# Impact of Major RF Impairments on mm-wave Communications using OFDM   Waveforms

**Authors:** Yaning Zou, Per Zetterberg, Ulf Gustavsson, Tommy Svensson, Ali Zaidi,, Tobias Kadur, Wolfgang Rave, and Gerhard Fettweis

arXiv: 1705.04944 · 2017-05-16

## TL;DR

This paper investigates how RF impairments like phase noise, non-linearity, and I/Q imbalance affect mm-wave OFDM communication links, revealing robustness to impairments but highlighting phase noise as a critical factor for high-order modulation.

## Contribution

It provides comprehensive models for joint RF impairments in mm-wave OFDM systems and evaluates their impact on channel estimation and link performance through simulations.

## Key findings

- System is generally robust to RF impairments.
- Phase noise significantly affects high-order modulation.
- ICI from phase noise can limit system performance.

## Abstract

In this paper, we study the joint impact of three major RF im-pairments, namely, oscillator phase noise, power amplifier non-linearity and I/Q imbalance on the performance of a mm-wave communication link based on OFDM modulation. General im-pairment models are first derived for describing the joint effects in each TX, each RX as well as a mm-wave communication link.

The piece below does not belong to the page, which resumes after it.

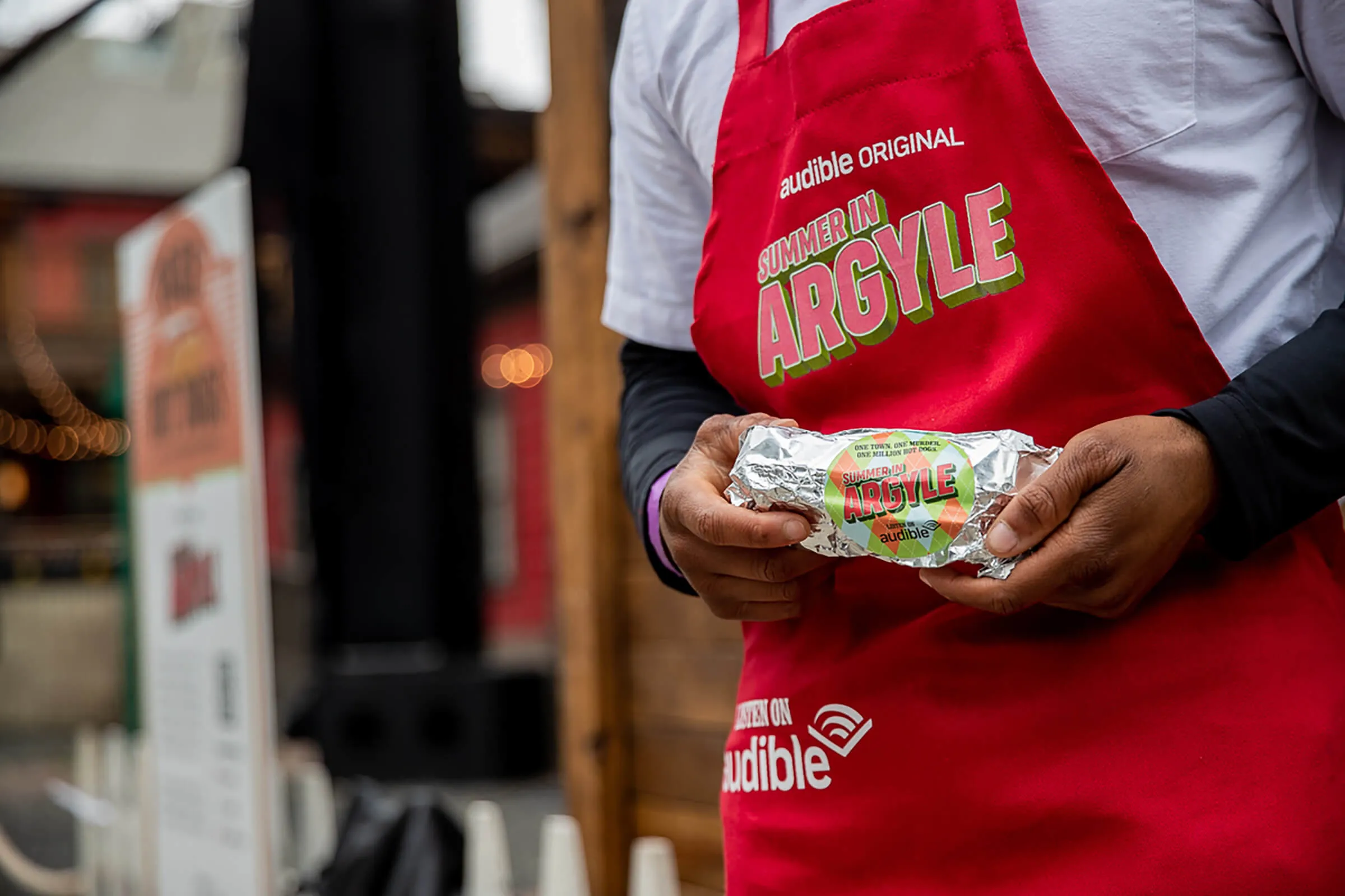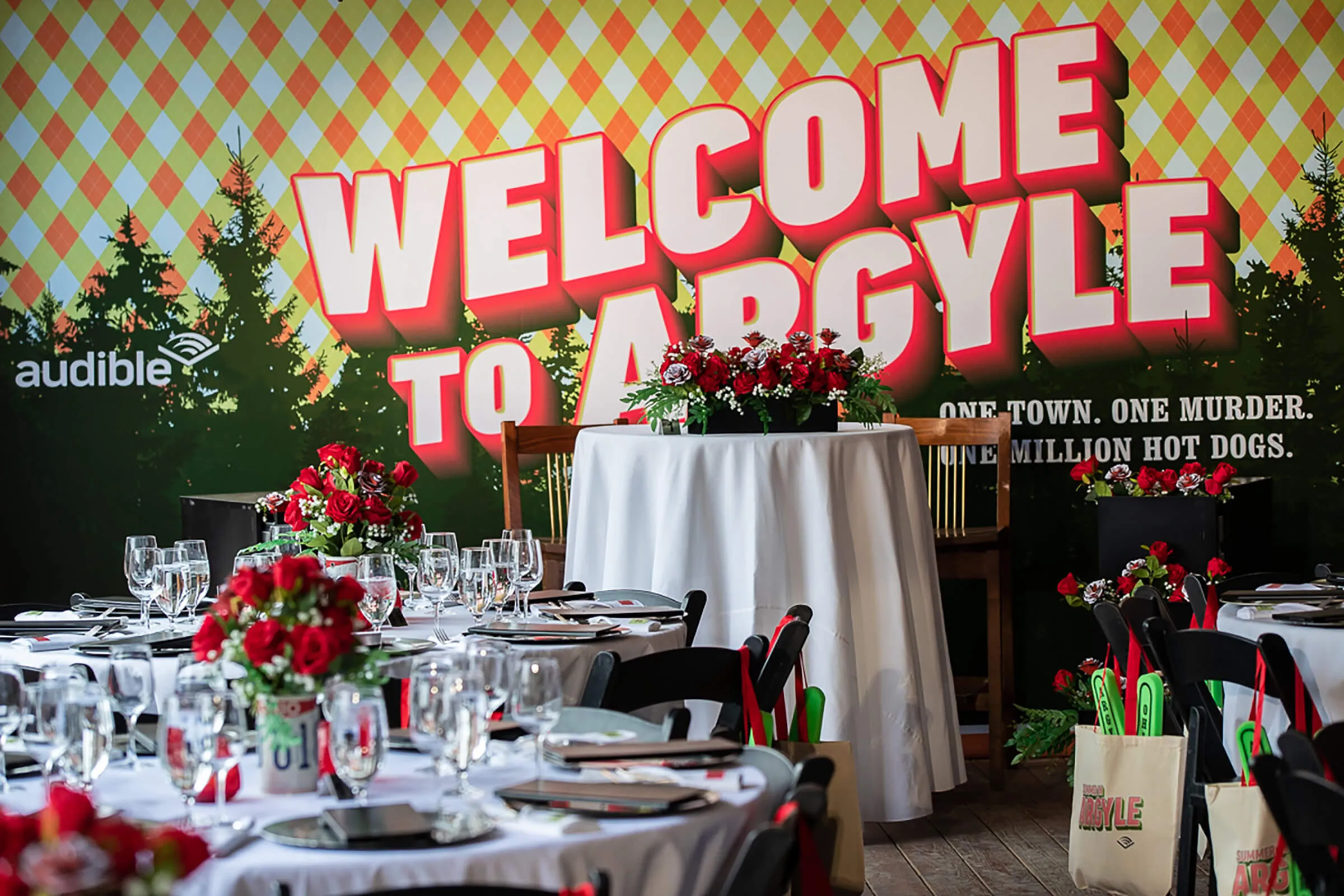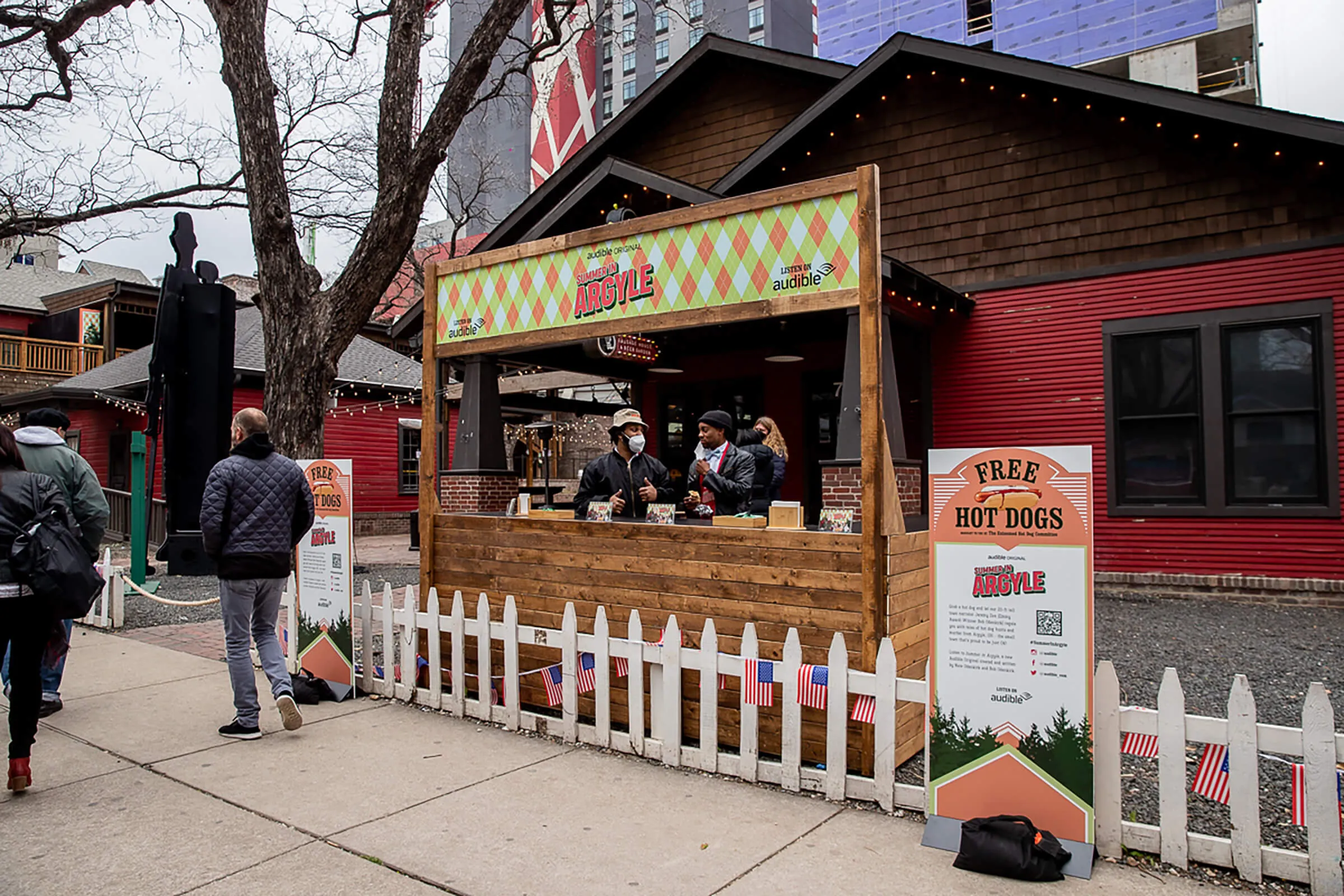 Bob Odenkirk and son, Nate, promoted their new original episodic program from Audible, Welcome to Argyle. We brought the town of Arygle to life. We had a catered menu of hot dogs done several different ways. Partnered with Civic Entertainment Group.

Based on the obtained signal models and initial air interface de-sign from the mmMAGIC project, we numerically evaluate the impact of RF impairments on channel estimation in terms of channel-to-noise ratio (CNR) and also channel fluctuation due to common phase error (CPE) caused by phase noise within the channel coherence time. Then the impact on the link performance in terms of maximum sum rate is evaluated using extensive com-puter simulations. The simulation results show that the used air interface design is generally robust to the presence of RF impair-ments. With regard to the use of high order modulation alphabet and implementation of low-power and low-cost RF transceivers in mm-wave communication, special attention needs to be paid on phase noise where the inter-carrier-interference (ICI) can become a major limiting factor.